Эти слова прекратили обмен комплиментами, и врач наконец поглядел на своего пациента. Во время их разговора молодой охотник успел сбросить куртку и остался в простой светлой рубашке, очевидно сшитой совсем недавно. Он уже поднес руку к пуговицам, собираясь снять и ее, но вдруг остановился и взглянул на Элизабет, которая по-прежнему смотрела на него сочувственным взглядом. От волнения она даже не заметила, что он начал раздеваться. Щеки юноши слегка порозовели.
– Боюсь, что вид крови может испугать мисс Темпл. Мне лучше уйти для перевязки в другую комнату.
– Ни в коем случае, – заявил доктор Тодд, который уже понял, что его пригласили лечить человека бедного и незначительного, и совсем оправился от испуга. – Яркий свет этих свечей чрезвычайно удобен для операции, а у нас, ученых людей, редко бывает хорошее зрение.
С этими словами Элнатан водрузил на нос большие очки в железной оправе и тут же привычным движением спустил их к самому его курносому кончику – если они и не помогали ему видеть, то уж, во всяком случае, не мешали, ибо его серые глазки весело поблескивали над их верхним краем, словно звезды над завистливой грядой облаков. Все это прошло совершенно незамеченным, и только Добродетель не преминула сказать Бенджамену:
– Доктор Тодд прелесть как хорош, настоящий красавчик! И до чего же ему идут очки! Вот уж не знала, что они так украшают лицо! Я тоже заведу себе пару.

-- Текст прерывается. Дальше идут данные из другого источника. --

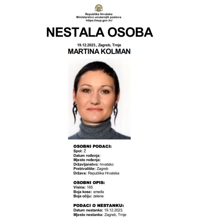 Još 19. prosinca 2023. godine, dakle, prije 25 dana, nestala je 40-godišnja Martina Kolman, kada se udaljila iz svog prebivališta u zagrebačkom Trnju.
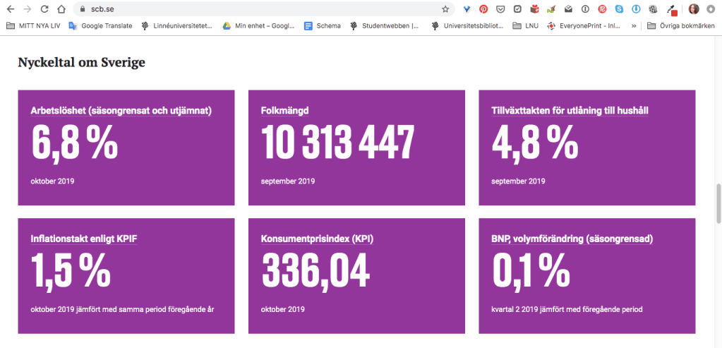 Statistiska centralbyrån, tycker vi är ett dåligt exempel på en dashboard eftersom det trots det olika rutorna lätt flyter ihop mycket på grund av att det är i samma färg på alla rutorna, hade kunnat funka betydligt mycket bättre genom att använda sig av olika färger för dom olika rutorna eller annat sätt som kan göra att dom särskiljer sig mer från varandra.

В эту минуту Элизабет, которую слова незнакомца заставили очнуться от задумчивости и густо покраснеть, поманила за собой молоденькую горничную в поспешно вышла из комнаты, как приличествовало благовоспитанной девице.
Теперь интерес присутствующих сосредоточился на враче и раненом, и все столпились вокруг них. Только майор Гартман остался сидеть в своем кресле; он пускал огромные клубы дыма и то поднимал глаза к потолку, словно размышляя о бренности всего земного, то с некоторым сочувствием обращал их на молодого охотника.
К этому времени Элнатан, впервые в жизни так близко видевший пулевую рану, начал готовиться к операции со всей торжественностью и тщанием, достойными этого случая. Бенджамен принес старую рубаху и вручил ее эскулапу, который немедленно и с большой ловкостью разорвал ее на множество аккуратных бинтов.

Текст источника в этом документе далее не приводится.